## What the task requires
The records follow. Transcribe only the lines from the line containing "2年生篠原さんが宮崎県租税教" through the end, both ends included, and leave out the pictures.

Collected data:
╭──
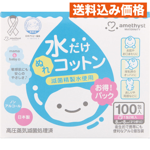 | 商品名 アメジストママとベビーの水だけぬれコットン 内容量 100包入 商品説明 ●滅菌精製水(パイロジェンフリー水)だけを使用 ●敏感肌にも安心なウェットコットン ●ウォータージェット加工脱脂綿使用 ●1包ずつ密封しており、信頼性の高いアルミ包装なので衛生的で、携帯にも便利です。 ●天然コットンを使用 ●高圧蒸気滅菌処理済 ●ノンアルコール、薬液不使用、安心の日本製です。 ●お肌やお口まわりに、授乳時のオッパイに、おしりや局部などに ●日本製 原材料 脱脂綿、滅菌精製水(パイロジェンフリー水)100%、アルミ包材 寸法 130mm×120mm×110mm お問い合わせ先 大衛株式会社 大阪府大阪市都島区都島本通2-2-16 お客様相談窓口:06−6921−7373 受付時間:土、日、祝日を除く9:00〜17:00まで |
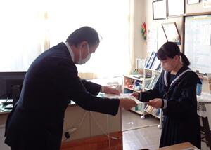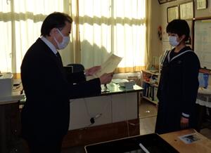 2年生篠原さんが宮崎県租税教育推進中央協議会会長賞銅賞を、同じく2年生德田さんが西都・児湯地区租税教育推進協議会会長賞銀賞を受賞しました。先日高鍋税務署の宮本署長と横山係長が来校され、直接表彰状を手渡していただきました。2人ともとても素晴らしい内容の作文でした。
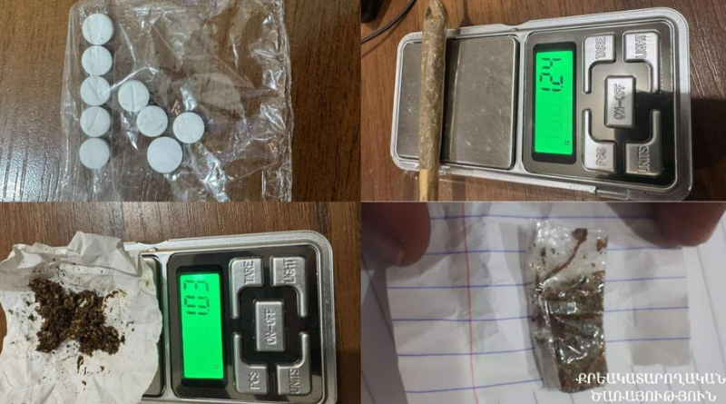 Մարտի 13-ին ժամը 23:30-ի սահմաններում Արցախի պողոտայում ապօրինի թմրամիջոցներ ձեռք բերելու, պահելու և իրացնելու կասկածանքով ձերբակալվել են 40 և 41 տարեկան երկու տղամարդ։ 41-ամյա տղամարդու անձնական խուզարկության արդյունքում հայտնաբերվել են տարբեր տեսակի թմրամիջոցների նմանվող զանգվածներ, այդ թվում՝ մեթամֆետամին, հաշիշ, հերոին և ափիոն։
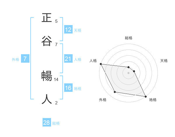正谷 暢人さんを姓名の画数から五運を鑑定
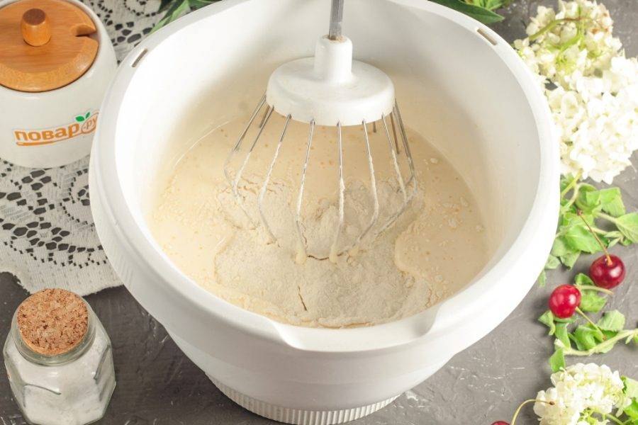 Вмешайте пшеничную муку высшего сорта, но не взбивайте ее, чтобы не выпустить пузырьки воздуха.
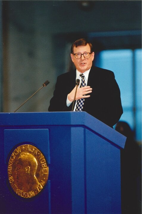3 (of 7) David Trimble delivering his Nobel Peace Prize lecture at the award ceremony at Oslo City Hall on 10 December 1998.
╰──
## Exercise solution
 2年生篠原さんが宮崎県租税教育推進中央協議会会長賞銅賞を、同じく2年生德田さんが西都・児湯地区租税教育推進協議会会長賞銀賞を受賞しました。先日高鍋税務署の宮本署長と横山係長が来校され、直接表彰状を手渡していただきました。2人ともとても素晴らしい内容の作文でした。
 Մարտի 13-ին ժամը 23:30-ի սահմաններում Արցախի պողոտայում ապօրինի թմրամիջոցներ ձեռք բերելու, պահելու և իրացնելու կասկածանքով ձերբակալվել են 40 և 41 տարեկան երկու տղամարդ։ 41-ամյա տղամարդու անձնական խուզարկության արդյունքում հայտնաբերվել են տարբեր տեսակի թմրամիջոցների նմանվող զանգվածներ, այդ թվում՝ մեթամֆետամին, հաշիշ, հերոին և ափիոն։
正谷 暢人さんを姓名の画数から五運を鑑定
 Вмешайте пшеничную муку высшего сорта, но не взбивайте ее, чтобы не выпустить пузырьки воздуха.
3 (of 7) David Trimble delivering his Nobel Peace Prize lecture at the award ceremony at Oslo City Hall on 10 December 1998.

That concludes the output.